ECLI:NL:RBAMS:2019:6270
Rechtbank Amsterdam
- Eerste aanleg - enkelvoudig
- Rechtspraak.nl
Wijziging van partneralimentatie en verwijtbaar inkomensverlies
In deze zaak heeft de Rechtbank Amsterdam op 28 augustus 2019 uitspraak gedaan in een verzoek tot wijziging van partneralimentatie. De man, vertegenwoordigd door advocaat mr. L.K. Matpanözer, verzocht de rechtbank om de eerder vastgestelde alimentatie van € 350,- per maand, die was vastgesteld bij de echtscheidingsbeschikking van 24 januari 2018, te wijzigen naar nihil. De man stelde dat hij door psychische klachten sinds oktober 2018 niet meer in staat was om fulltime te werken, wat leidde tot een aanzienlijk inkomensverlies. De vrouw, vertegenwoordigd door advocaat mr. N. Turkkol, betwistte deze stelling en voerde aan dat de man niet had aangetoond dat hij arbeidsongeschikt was.

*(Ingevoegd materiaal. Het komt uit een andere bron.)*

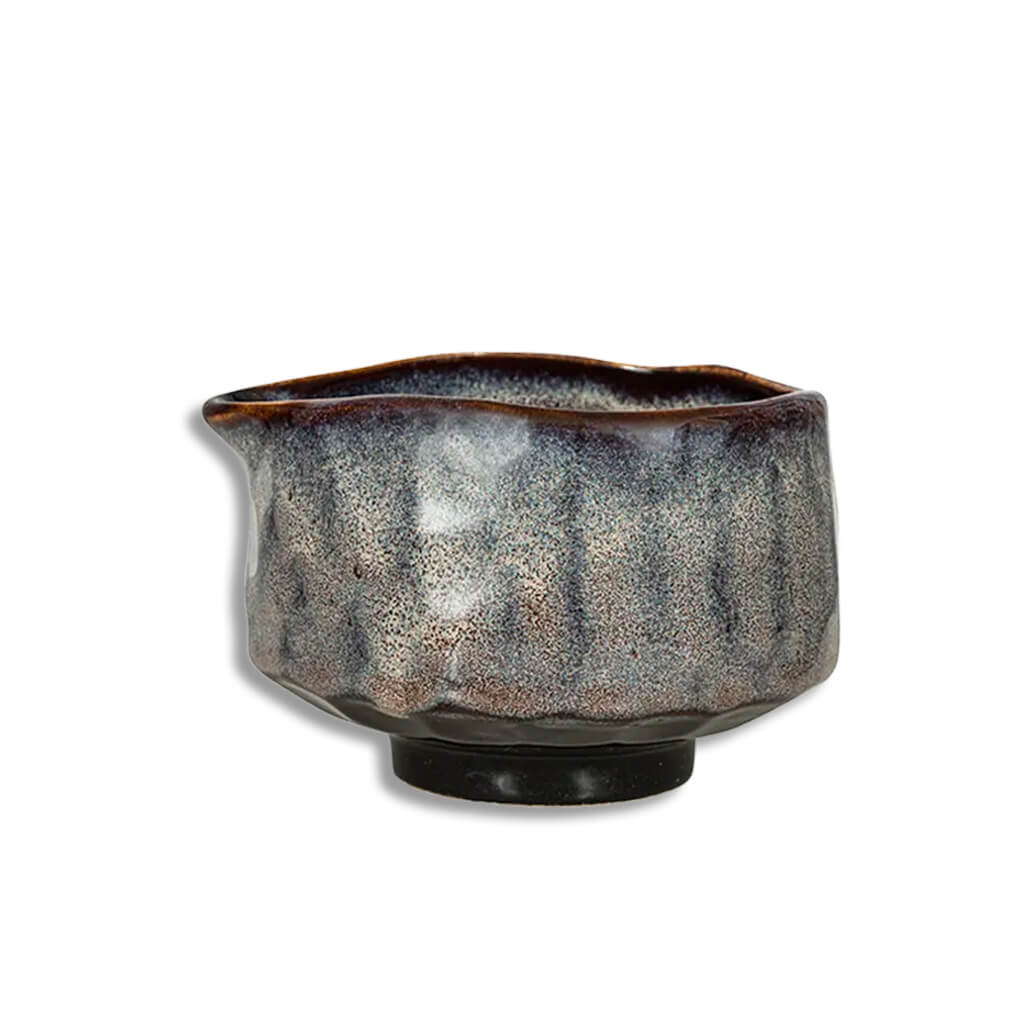 Sumomo-Kerámia-Japán-Matcha-Tál-Kiöntővel-Asztalon-Oldalról

De rechtbank heeft de zaak behandeld op 1 augustus 2019, waarbij de man en zijn advocaat aanwezig waren, maar de vrouw niet. De rechtbank oordeelde dat de man onvoldoende bewijs had geleverd voor zijn stelling dat hij door ziekte niet meer fulltime kon werken. De rechtbank concludeerde dat de man zelf had gekozen om minder te werken en dat dit leidde tot verwijtbaar inkomensverlies. De rechtbank oordeelde dat er geen aanleiding was om de onderhoudsverplichting jegens de vrouw te wijzigen, aangezien er geen wijziging in de financiële situatie van de man was aangetoond.
Uiteindelijk heeft de rechtbank het verzoek van de man afgewezen en bepaald dat ieder van de partijen de eigen kosten van de procedure draagt. De beschikking is openbaar uitgesproken door mr. J. Kloosterhuis, rechter, in aanwezigheid van griffier mr. S.J. van der Veen.